На Двине-Даугаве - Александр Кононов
Шрифт:
Интервал:
Закладка:
— Полчаса тому назад! Думаешь, я ничего не заметил? Я все вижу, голубчик!
— Так мы ж там помогали Довгелло. И я, и Персиц, и Никаноркин. Мы хотели привести его в чувство.
— Как бы я тебя самого не привел в чувство!
Стрелецкий быстро зашагал по комнате.
— Вот время-то! — заговорил он с озлоблением, как бы про себя. — Вот время-то! За отцами-разбойниками растут и дети-звереныши. Но времена меняются! Скоро опять наступит строгое время! Да и пора, пора! Вот ведь каких, — он остановился перед Шумовым, — вот каких обра-зо-вы-вать вздумали! Как же, образуешь тебя! Стань по-человечески! Как стоишь?
Гриша с недоумением оглядел всего себя, стал ровнее.
А страха так и не было. Хорошо бы еще чем-нибудь подогреть надзирателя.

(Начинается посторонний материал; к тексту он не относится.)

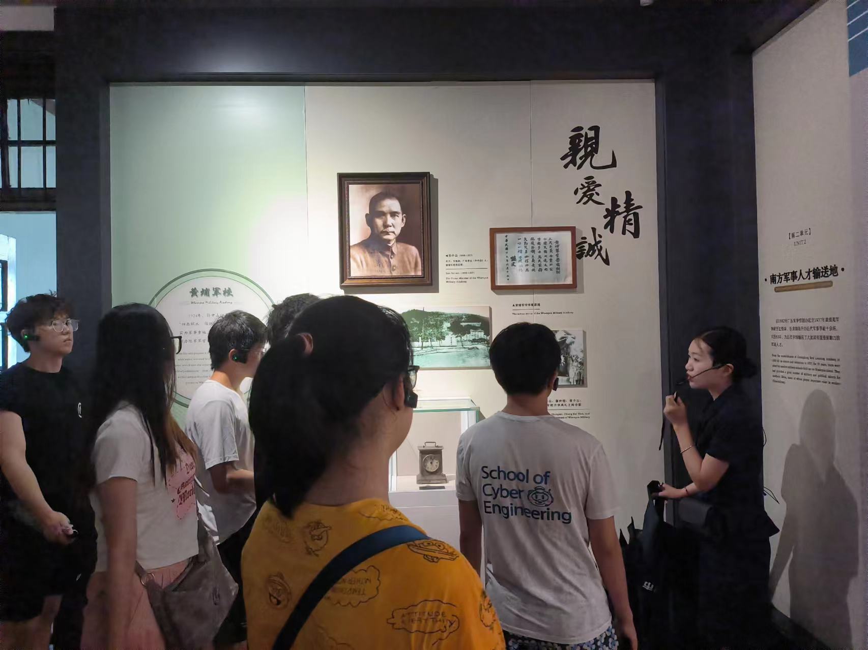 7月13日,实践队员们在辅导员谢雨航的带领下,走入黄埔军校旧址纪念馆。在这里,学院师生们深入了解了孙中山先生曾经的办公生活和革命思想的重要传承地点。特别是走马楼,作为军校重要的教学和行政建筑,见证了无数革命志士的成长与奋斗历程。一幕幕峥嵘岁月,让同学们深有感触。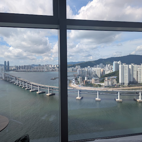 저는 최근 PH 부산에서 2박에 43,000포인트를 사용했습니다. 패밀리 오션 스위트(퀸 1개 + 트윈 1개)를 확보하기 위해 SUA를 사용했습니다. 현금 가격은 1666달러였습니다. 다리의 전망은 환상적이었지만, 태양 때문에 오후에는 엄청나게 더워졌습니다. 객실 온도는 75도로 제한되었고, 낮 동안 암막 커튼을 쳤더라도 매일 오후 식는 데 매우 오랜 시간이 걸렸습니다. 그러니 이 점을 명심하세요. 여분의 거실은 좋았지만 친구와 저 둘이서 거의 사용하지 않았습니다. 욕실에는 두 개의 세면대가 있어서 두 명의 여성이 사용하기에 편리했습니다. 하지만 슬라이딩 도어가 투명하니 이 점을 유의하세요. 글로벌리스트의 아침 식사는 환상적이었습니다. 같은 음식을 제공하는 2층이 있지만 최상층이 더 좋았습니다. 실내 수영장은 좋았지만, 휴일 주말이라 가족들로 붐볐습니다. 주변 명소를 방문하기에 위치가 편리했습니다.

— Там мне с рубля полагается сдача, — сказал он, снова принявшись разглядывать манжеты Стрелецкого, — так вы ее возьмите себе, ничего.

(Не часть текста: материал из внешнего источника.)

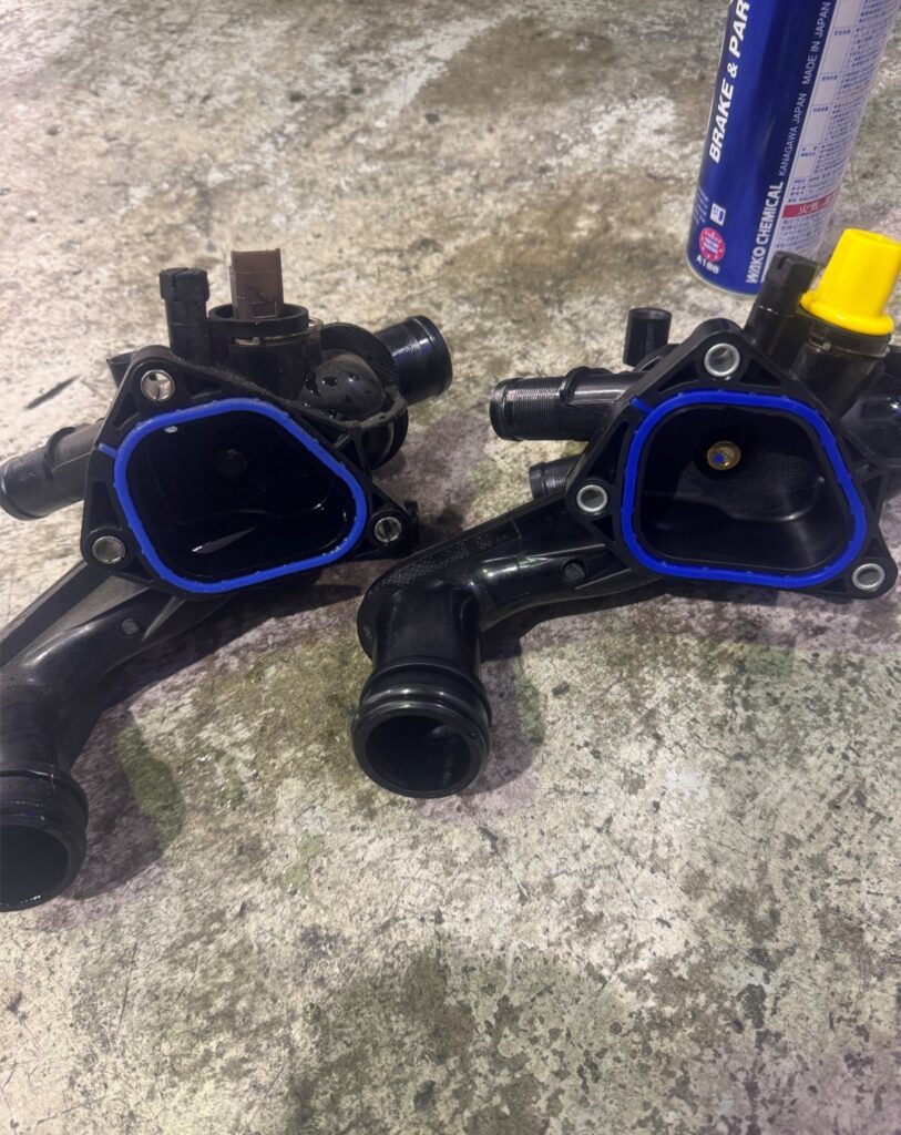 お見積り時には、水温センサーのみ交換したのちに再点検を行う予定でしたが、センサー単品での供給が無かったことから、今回はサーモスタット本体を交換することで対応しました。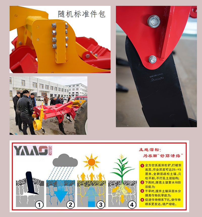 4、使用效益高; 采用原裝進(jìn)口硼鋼深松鏟,具有高強(qiáng)度和超耐磨性,比傳統(tǒng)部件使用壽命提高3-4倍,并利用保險(xiǎn)螺栓進(jìn)行過(guò)載保護(hù)。使用壽命長(zhǎng)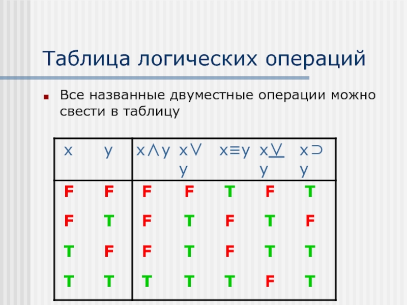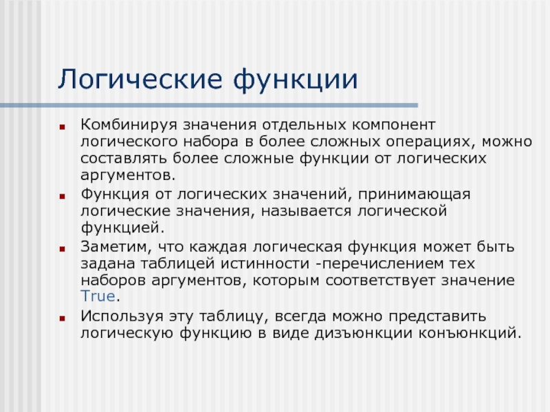 Заметим, что каждая логическая функция может быть задана таблицей истинности -перечислением тех наборов аргументов, которым соответствует значение True.

— Вон!!! — заорал надзиратель таким голосом, какого и ожидать от него нельзя было.
Гриша с любопытством посмотрел в раскрытый рот Виктора Аполлоновича — в глубине рта что-то поблескивало, — с преувеличенным старанием шаркнул ногой, сам повернул ключ в двери и вышел.
— Ну, и чего ты этим добился? — сердито спросил Никаноркин, когда Гриша рассказал ему о своем разговоре со Стрелецким. — Выгонят тебя из училища, вот и все.
— За что?
— Вот за это самое! Не сейчас, так после… уж найдут случай! Таких, как ты, всегда выгоняют.
— Ты ж сказал: если я буду первым учеником — не тронут. А у меня теперь все пятерки.
— По поведению ты свободно получишь тройку. Думаешь, Стрелецкий простит тебя? Никогда! Вот увидишь.
И Гриша действительно увидел. И довольно скоро.
Однажды Виктор Аполлонович, возникший бесшумно, как всегда, на пороге класса, окликнул его:
— Шумов! К инспектору!
Гриша с упавшим сердцем — добра ждать было нечего — пошел за надзирателем в учительскую.
Народу там было на перемене много. Гриша не знал, кому поклониться первому. И на всякий случай поклонился Голотскому.
Голотский сидел у окна, дымил толстенной папиросой в янтарном мундштуке и, весело смеясь, разговаривал с учителем рисования Резоновым.
Виктор Аполлонович подвел Гришу к инспектору и сам остановился рядом.
Инспектор не сразу перестал смеяться, и у Гриши отлегло на сердце: ну, с Лаврентием Лаврентьевичем все обойдется. И какой веселый он сегодня! Гриша тоже улыбнулся — а на лице инспектора начала медленно проступать досада: сперва он нахмурился, потом покраснел слегка, и наконец сивые его глаза стали совсем грозными. Даже на большой перемене не дадут человеку отдохнуть, покурить как следует, отвлечься! Вот извольте, занимайтесь скучнейшим делом, распекайте этого пучеглазого.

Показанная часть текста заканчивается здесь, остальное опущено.